Да уж, вопросы, вопросы… Наверное, ей, Лизе, не понять. Да и что она может понять в свои неполные восемнадцать? Не брать же за основу жалкий школьный опыт влюбленностей и девчачьих откровений о том, чего было и не было! Да и не любила она ни с кем откровенничать… Потому, может, и близких подруг нет. И вообще, она в школе была «гордой белой вороной, уткнувшейся носом в книжку, к тому же плохо одетой», как выразился однажды Сашка Пархоменко, остряк и отличник. Она тут же развернулась и ему в нос дала. Не хотела, само получилось. Из носа кровища текла… Хорошо, что Сашке в голову не пришло нажаловаться, вообще-то он нормальный пацан был, в отличие от других…
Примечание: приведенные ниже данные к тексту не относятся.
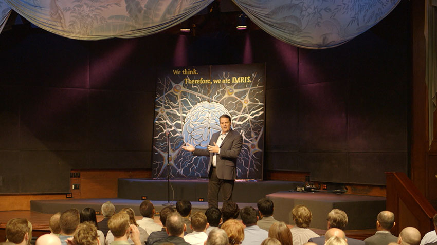The evening began in a theater with a single violinist playing a striking melody, joined by a guitarist and a chalk artist standing beneath his 10-foot tall creation. In vibrant blues and purples stood the illustration of a human brain and a bold, caption that read, “We think. Therefore, we are IMRIS.” As a pair of narrators took the stage, they told an animated story of how IMRIS was born from a single thought, which became a symphony of thoughts, involving minds of all kinds working together for a single purpose.

Да, в школе она была изгоем, белой вороной. Еще с того времени, когда Светка Ильинская, самая модная и самая блондинистая девчонка в классе, объявила ей бойкот. Не в полном смысле бойкот, конечно, а так, насмешливое отторжение. И другие девчонки с угодливым старанием подхватили:
– Новоселова, ты в этой юбке до десятого класса ходить будешь? Пока дырки не протрешь? Бедная, бедная Лиза…
– Новоселова, а эти брючки тебе мама дала поносить, ага?
– Ой, ее мама, наверное, с юности их сохранила…
– …С нафталином вместо духов!
Лиза огрызалась поначалу, потом перестала. Делала вид, будто не слышит. Зачем тратить себя, все равно им ничего не докажешь! Столько душевных сил и слез уходит в пустоту… Лучше другим делом заняться, более спокойным и увлекательным. Чтением, например. Да, отличное занятие, увлекает и отвлекает одновременно!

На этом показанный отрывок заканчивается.